Film Review – Turbo
That’s how I would describe DreamWorks‘s latest animated effort, Turbo. For the last few years, the studio that relied heavily on big name stars and blatant pop culture references has slowly been gaining ground on its much more popular rival, Pixar. With titles like How to Train Your Dragon (2010) and the severely underrated Rise of the Guardians (2012), DreamWorks has significantly stepped their game up in the animation world. This film comes as a bit of an enigma. The first theatrical release by director David Soren, this is a fun little tale of underdogs overcoming the odds to achieve their dreams. That’s all fine and dandy, but on the flip side, it feels too similar to other projects. Set in the midst of Indy Car racing, comparisons to Pixar’s Cars series will be abundant. And placing a small creature into a human environment has echoes of Ratatouille (2007) all over it.
Okay, fine, originality is not the strongest element working here. But does that mean it’s an awful family movie? Of course not. Actually, it’s quite an entertaining romp. The premise is as ridiculous as you can get, with a little snail named Theo (Ryan Reynolds) having big aspirations to become a racecar driver. Much to the chagrin of his brother Chet (Paul Giamatti), Theo often fantasizes about winning big races like his idol, the French driver Guy Gagne (Bill Hader). Instead of focusing on harvesting the tomatoes in the garden he and his colony live in, Theo (or “Turbo” as he likes to be called) sneaks away to train himself to move faster, or watch videos of Gagne hoisting another victory trophy.

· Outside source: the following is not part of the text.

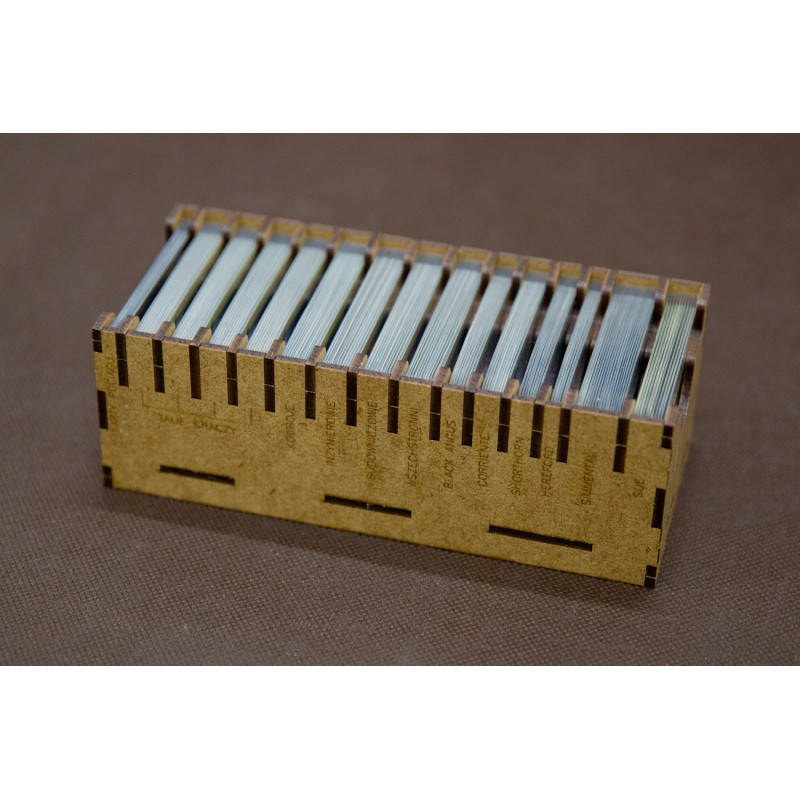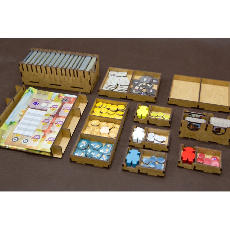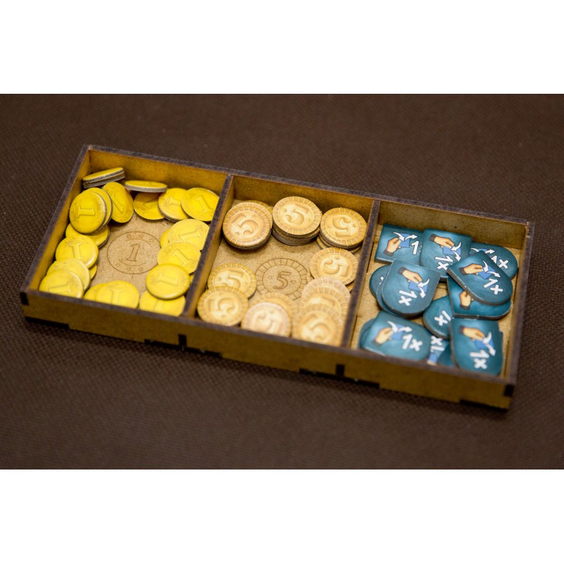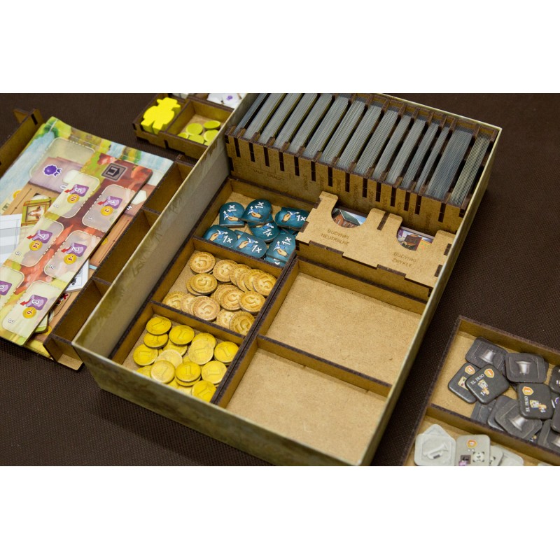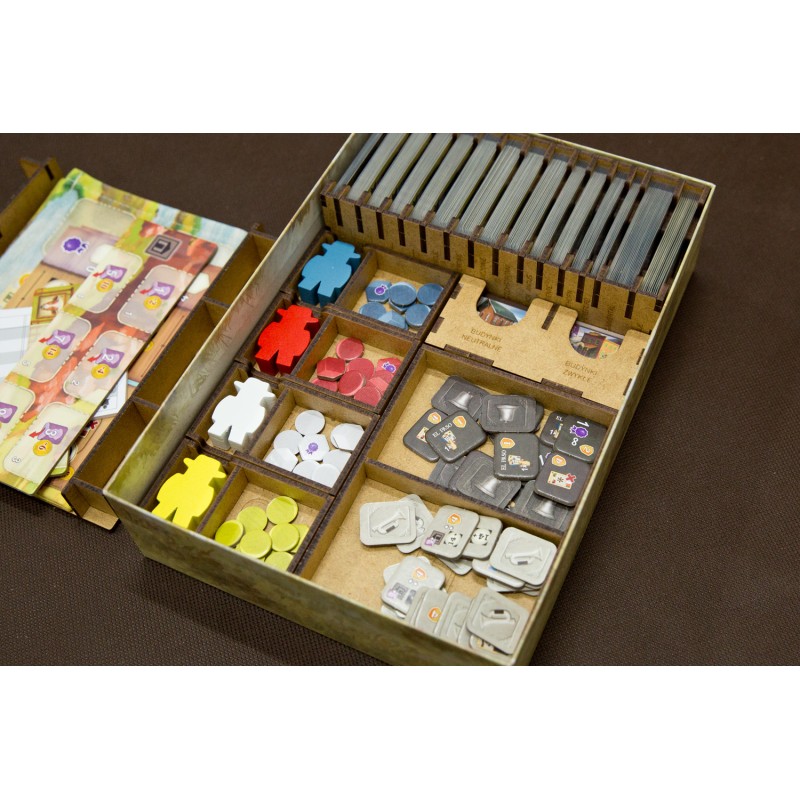 Insert pasujący do gry Great Western Trail: El Paso. Insert pomieści karty w koszulkach klasy Premium o grubości do 110 mikronów (na zdjęciach karty w koszulkach Gamegenic). Pojemniki w insercie posiadają grawery ułatwiające posegregowanie elementów.

So how in the heck will Theo ever achieve his aspirations? Chet may act as an opposing viewpoint to Theo, but his reasoning is all too clear: snails are not fast creatures (wow, I never thought I would write a sentence like that). How does Theo do it? By a conveniently written plot contrivance, that’s how! In a state of depression, Theo accidentally falls into the engine of a muscle car, dousing himself in nitrous oxide, and amazingly gaining the ability to move at lightening speed. I’m not a car expert in any way, but something tells me nitrous oxide doesn’t supply magical powers. In fact, if a real snail were to be plunged into an engine full of NOS, chances are it would never be seen again.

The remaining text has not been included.